12th Indiana Cavalry

The 12th Indiana Cavalry Regiment was a cavalry regiment which served for the state of Indiana during the American Civil War. The regiment was originally mustered in as an infantry regiment and designated as the 127th Indiana Infantry Regiment but was quickly converted to cavalry and redesignated as the 12th Indiana Cavalry.

== Service ==

The 127th Indiana Infantry Regiment was organized in Kendallville, Indiana and Michigan City, Indiana from December 10, 1863, to April 28, 1864. Companies of the regiment were recruited primarily from the Indiana's 10th congressional district. Although originally recruited as infantry the regiment was changed to cavalry and redesignated as the 12th Indiana Cavalry Regiment. Originally only 6 of the 10 companies of the regiment were mounted on horses and saddles, the rest were all on foot, up until this point the regiment was armed entirely with infantry muskets despite being converted to cavalry. The regiment left Indiana for Nashville, Tennessee on May 6, 1864, and was attached to the District of Northern Alabama as part of the Army of the Cumberland. The regiment was garrisoned at Nashville until May 29, 1864, when it moved to Huntsville, Alabama. In Huntsville the regiment guarded the railroad from Decatur to Paint Rock. The regiment was eventually headquartered at Huntsville and Brownsboro, Alabama until September 15, 1864.

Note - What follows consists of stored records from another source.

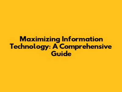 Maximizing Information Technology: A Comprehensive Guide
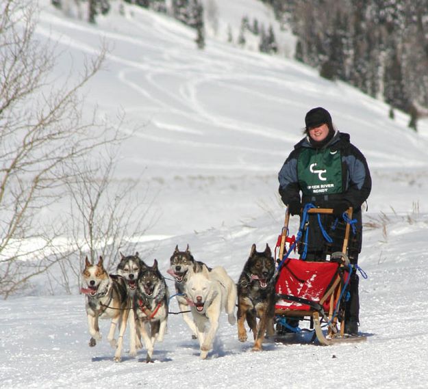 Tabetha Berge, from Glenrock, Wyoming, competed in the 6-dog race under Bob & Carolyn Bing's "Lacy J C" brand. |
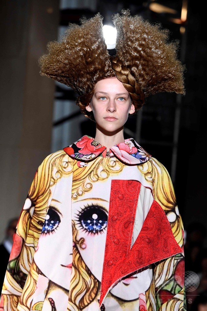 【10月1日 AFP】仏パリ(Paris)で9月30日、2018年春夏ウィメンズコレクションのファッションショーが開かれ、コム デ ギャルソン(Comme des Garcons)が日本の少女漫画のような絵柄をあしらったドレスを発表した。(c)AFP
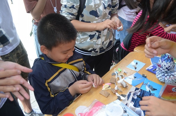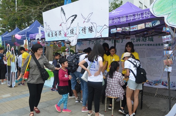 红嘴鸥展区人头攒动,展区负责人员身穿黄色志愿服装,头戴红帽子,热情地向观众解说。展区的布置也透着满满的创新与创意,比如两位学生身穿志愿服装、摆着志愿手势的影像做成的人形架,吸引了众多观众前来拍照;用电脑播放宣传保护红嘴鸥时的录像,和着歌曲,有唤醒人的善良与爱心的力量;游戏“捏红嘴鸥”中,工作人员细心教观众如何捏红嘴鸥,红嘴鸥变得形象生动起来,让观众特别是小朋友更加熟知红嘴鸥的外形特征;“知识阅览”中选择的《红帽子演绎生态梦》和《十八载护鸟“红帽子”誉满港城》将红帽子志愿者18载护鸥的正能量传递给每一位读者……
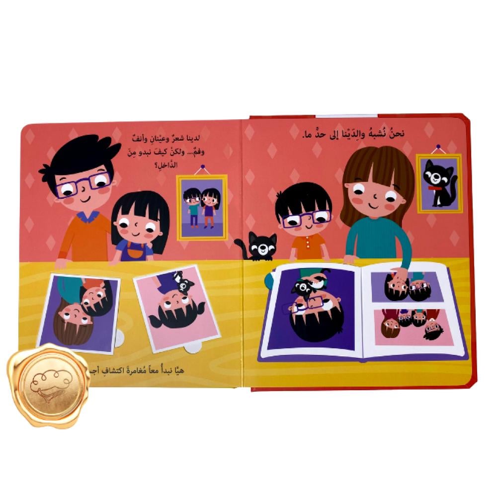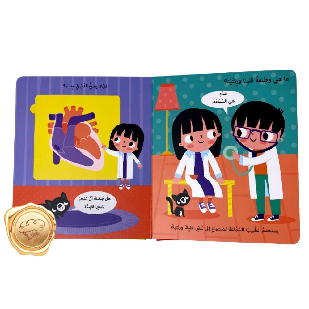 - تصميم تفاعلي: يحتوي الكتاب على رسومات ملونة ونوافذ منزلقة تساعد الأطفال على التفاعل مع أجزاء الجسم بطريقة مرحة.
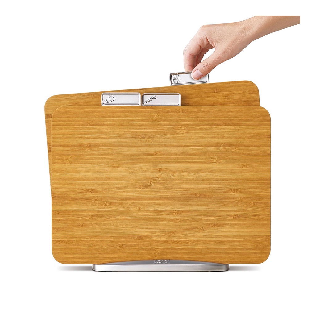 - Bộ Thớt tre Joseph Joseph Index Bamboo bao gồm ba thớt dành riêng cho thực phẩm với giá đỡ bằng kim loại chắc chắn. Thớt tre Joseph Joseph được làm từ tre tự nhiên, cứng và có ký hiệu dùng riêng cho từng loại thực phẩm nào nên được sử dụng , thịt sống, thực phẩm nấu chín hoặc rau. Mỗi khe cắm bảng an toàn trên giá đỡ kim loại cũng có chân chống trượt.

The regiment took part in a skirmish in Big Cove Valley near Big Cove, Alabama on June 27, 1864. Near Vienna July 8. A detachment of the regiment scouted near Clear Springs, Alabama and Sink Springs Valleys from July 18–21, 1864. Flint River, Ala., July 25. Paint Rock Station July 30. The regiment was stationed at Moores Mill, Alabama on August 11, 1864. The regiment took part in operations in Madison County, Alabama from August 12–14, 1864. A detachment of the regiment was stationed at Lynchburg, Tennessee on September 29, 1864. Companies C, D, and H repulsed Abraham Buford II attack on Huntsville from September 30 – October 1 and October 18, 1864. The entire regiment moved to Tullahoma, Tennessee on September 15, and had duty there until November 26, 1864.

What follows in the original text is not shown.